Thursday, November 22, 2012

Mind the Gap!

An entrance to one of the gardens originally used by the monks of Westminster Abbey centuries ago

                October was busier with school and a couple of colds, but I decided to not let that stop me from exploring outside the Riviera a little. Conveniently, Europe has three or four budget airlines that provide cheap flights to places as long as you book them a couple of weeks ahead of time. So, in a rather spur-of-the-moment decision I booked a flight to one of the places I've always dreamed of visiting—London.
                Now, one of the disadvantages of a budget airline is that, well, they try to make up for the fact that they’re a budget airline by charging for everything extra they can, including checked luggage, which costs about €24 (about $30) per bag. So I just packed everything I thought I would need in my backpack, and, believe me, it was so full that I could hardly close all of the zippers.
                My flight was a night flight on a Thursday, but thankfully it only lasted about two hours. I flew into London Luton Airport north of the main city with no problem and took a bus from the airport to Central London to Baker Street Station. (Yes, that is THE Baker Street.) I had found a convenient hostel in Central London right across the street from the Great Portland Street Tube station, so I walked about twenty minutes from Baker Street to Great Portland Street in the much colder and wetter London weather. It didn’t take long to notice everyone driving on the wrong side of the road, but the Brits have been kind enough to mark on the streets at every crosswalk, “LOOK RIGHT” or “LOOK LEFT” as needed.
I guess they figured they should help people out when people kept on almost getting run over because they looked the wrong way before crossing the street.
The Tube goes down what appear to be tubes, hence the name.
                So, anyway, about the hostel: It was definitely a unique experience. The security was really good and the staff were very nice. I had a bunk in a 10-bed male dorm with a community room with showers and toilets. Granted, it was definitely not as clean or as nice as a hotel, but then it was only £24 a night. I’m just glad that I was provided with a throw-away mat for my feet! Also, there was only one rather sleazy guy in the room (a Spanish dude with a drinking problem), but he was summarily kicked out the next day for repeatedly bringing alcohol into the hostel. Most of the others that I heard talking were Eastern Europeans who kept to themselves. They didn’t look like the cleanest people in the world (one of them had a ponytail that looked to not have been washed for a VERY long time), but they didn’t bother me, and I didn’t bother them.
                One of the mistakes I made before I came was not planning out my tours very well. I had just thought, “I’m going to go sightseeing in London” and didn’t think that it might be wise to figure out what sights to see beforehand since I only had two days (Friday and Saturday). But anyway, I decided to go see the Tower of London on Friday afternoon and went over to the Tube station since the London Tube (i.e., the subway) is the quickest and cheapest way to get around if you don’t mind going up and down stairways and escalators all the time.
Looks rather grim even today, doesn't it?

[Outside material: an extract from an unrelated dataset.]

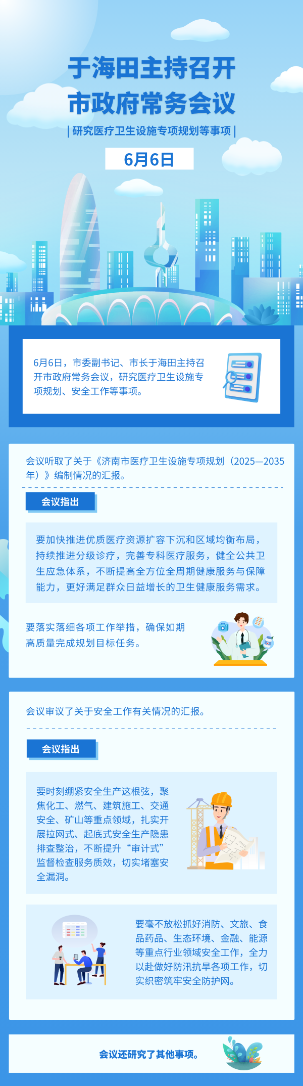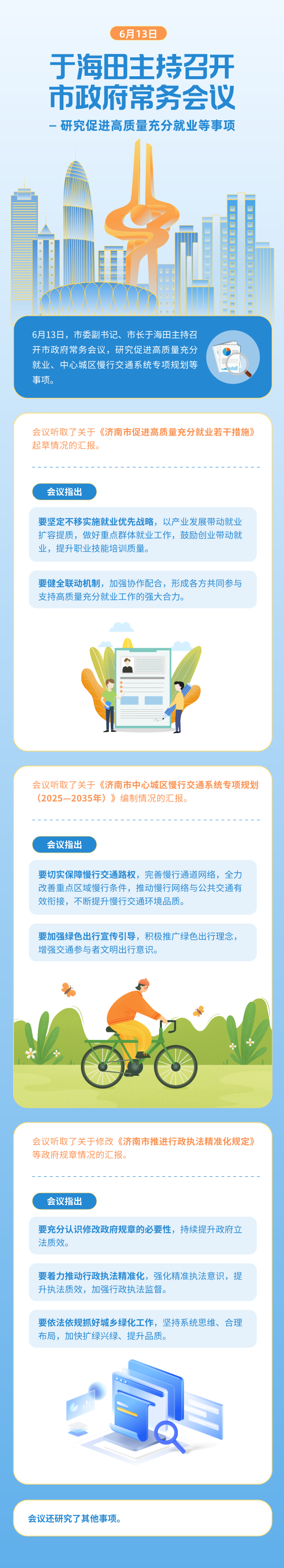 6月13日,市委副书记、市长于海田主持召开市政府常务会议,研究促进高质量充分就业、中心城区慢行交通系统专项规划等事项。

The memorial on the Tower Green for the ones who were beheaded there. Only 20 people or so were executed here, since it was considered a privilege to be executed on the Tower Green. Most people were beheaded outside the Tower on Tower Hill. Around the edge of the light blue glass is written, "Gentle visitor pause awhile : where you stand death cut away the light of many days : here jewelled names were broken from the vivid thread of life : may they rest in peace while we walk the generations around their strife and courage : under these restless skies." The names of those executed here are written along the bottom.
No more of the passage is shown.